The Mendicants gradually superseded the bishops, when papal commands were to be communicated to the people or papal mandates enforced. Even when fugitives were to be tracked, they formed an invisible network of police, spread over Europe and available in a thousand ways. Formerly, when a complaint reached Rome of an abuse to be rectified or of a prelate whose conduct required investigation or trial, a commission would be issued to two or three neighboring bishops or abbots to make an examination and report, or to reform churches and monasteries neglectful of discipline. Gradually this changed, and the Mendicants alone were charged with these duties, which made the papal power felt so directly in every episcopal palace and every abbey in Europe. They complained repeatedly of the amount of this extra work thrown upon them, and they were promised relief, but they were too useful to be dispensed with in thus subjecting the Church to the Apostolic See. How disagreeable and even dangerous these duties might be is visible in a case which shows how little the condition of the Church in the middle of the thirteenth century had changed from what we had seen it in the previous age. The great electoral archiepiscopate of Treves, in 1259, was claimed by two rivals who litigated with each other for two years in Rome, to the great profit of the curia, till Alexander IV. set them both aside. The Dean of Metz, Henry of Fistigen, went on some pretext to Rome, where, by promising to pay the enormous debts left behind by the two litigants, he obtained the appointment from Alexander. On his return the pallium was withheld as security for the debts which he had incurred, but without waiting for it he a.s.sumed archiepiscopal functions, consecrated his suffragan Bishop of Metz, and commenced a series of military enterprises, in the course of which he devastated the Abbey of St.

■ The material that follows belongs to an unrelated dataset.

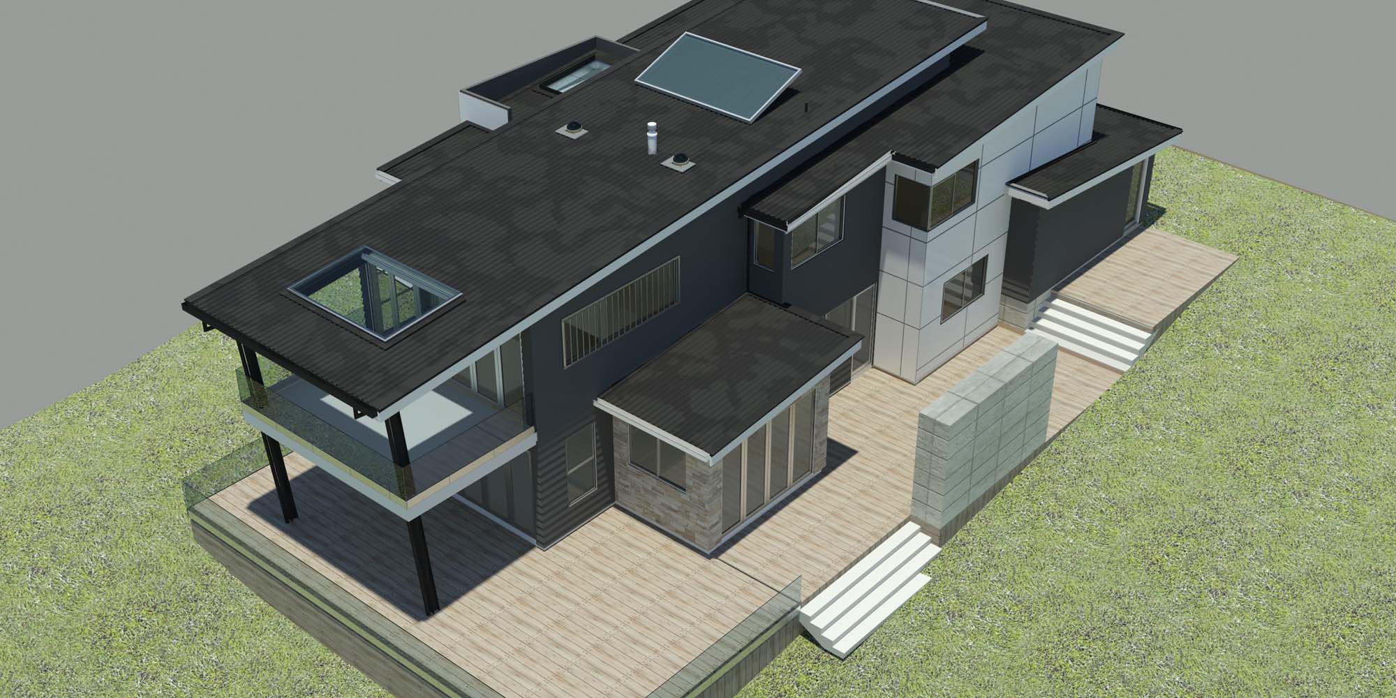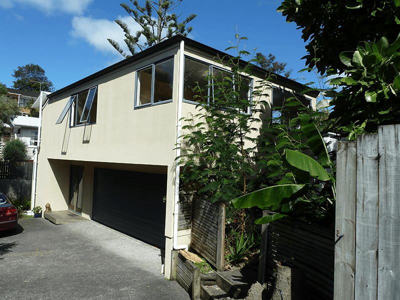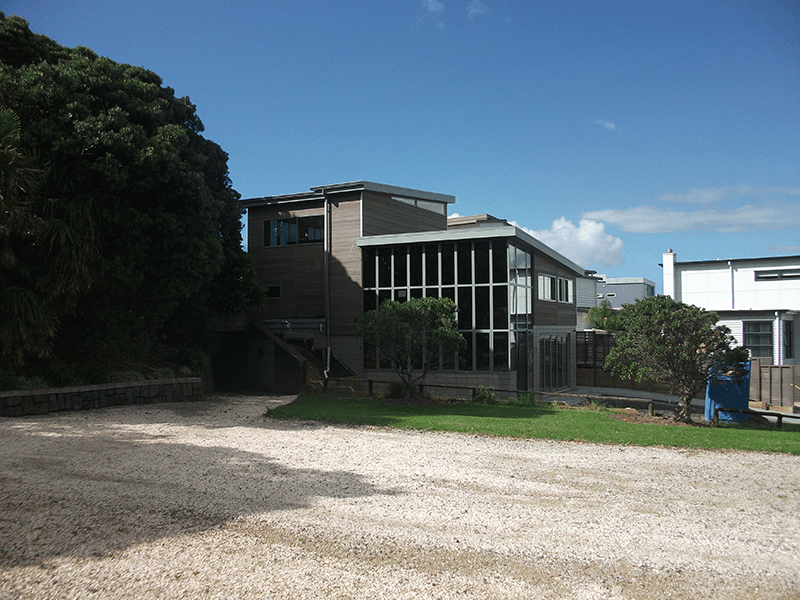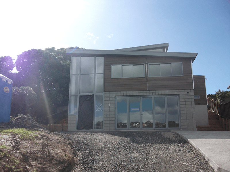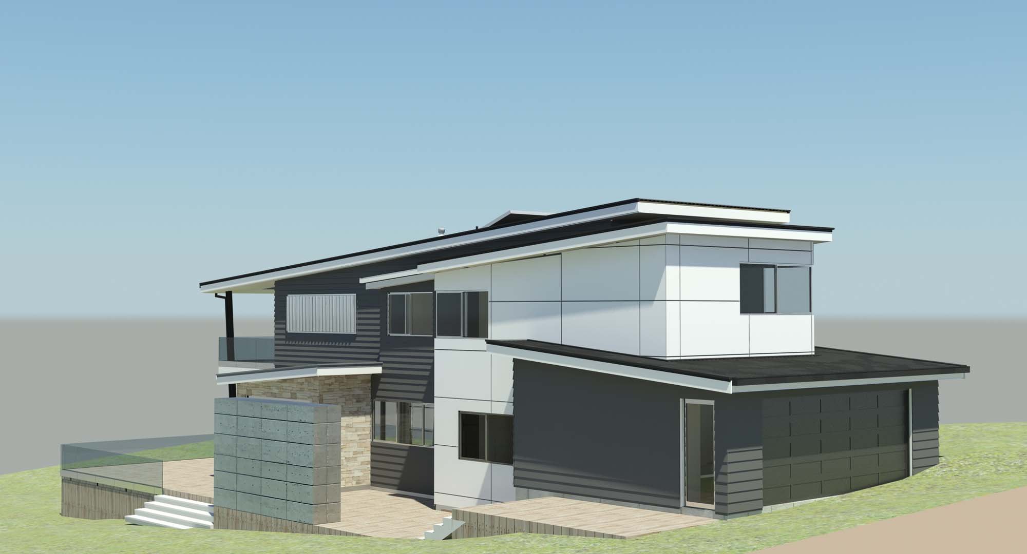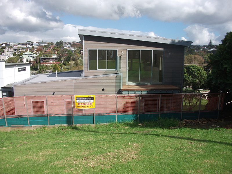 This new home project was designed for a site on Northshore’s Caster Bay. The site is adjacent to Kennedy Park and looks directly out on to the petanque court. The top part of the house will have a view over the cliff out to Rangitoto and the Hauraki Gulf generally. The clients wanted, to start, a smallish 3-bedroom home on 2 levels that would suit them well into their retirement years.

Matthias and nearly burned to death the unhappy monks. These misdeeds, and his neglect to pay his debts, led Urban IV., in 1261, to commission the Bishops of Worms and Spires and the Abbot of Rodenkirk to investigate the charges against him of simony, perjury, homicide, sacrilege, and other sins, but the archbishop bribed them, and they did nothing. Then, in 1262, Urban sent another commission to William and Roric, two Franciscans of the province of Treves, ordering them to investigate and report under pain of excommunication. This frightened all the Mendicants of the province. The Franciscan guardian and the Dominican prior, more worldly-wise than righteous, forbade them under pain of dungeon from exercising the functions imposed on them, and the two unlucky commissioners were glad to escape with their lives by flying from Treves to Metz. The Franciscan provincial had the effrontery to send envoys to Rome asking that the investigation be postponed or committed to others. They were heard in full consistory, in presence of Urban himself and of Bonaventura, the general of the Order, when Urban bitterly retorted, "If I had sent bishoprics to two of your brethren they would have been accepted with avidity. You shall not refuse to do what is necessary for the honor of G.o.d and the Church." It is not worth while to pursue the intricate details of the dreary quarrel, which lasted until 1272 and presented in its successive phases every variety of fraud, forgery, robbery, and outrage. It is sufficient to say that when William and Roric were forced to work, they seem to have performed their duty with independence and fidelity, and that the Roman curia, in the course of the proceedings, managed to extort from the unfortunate diocese the enormous sum of thirty-three thousand sterling marks--in spite of which Archbishop Henry attended the coronation of Rodolph of Hapsburg, in 1273, with a splendid retinue of eighteen hundred armed men.[247]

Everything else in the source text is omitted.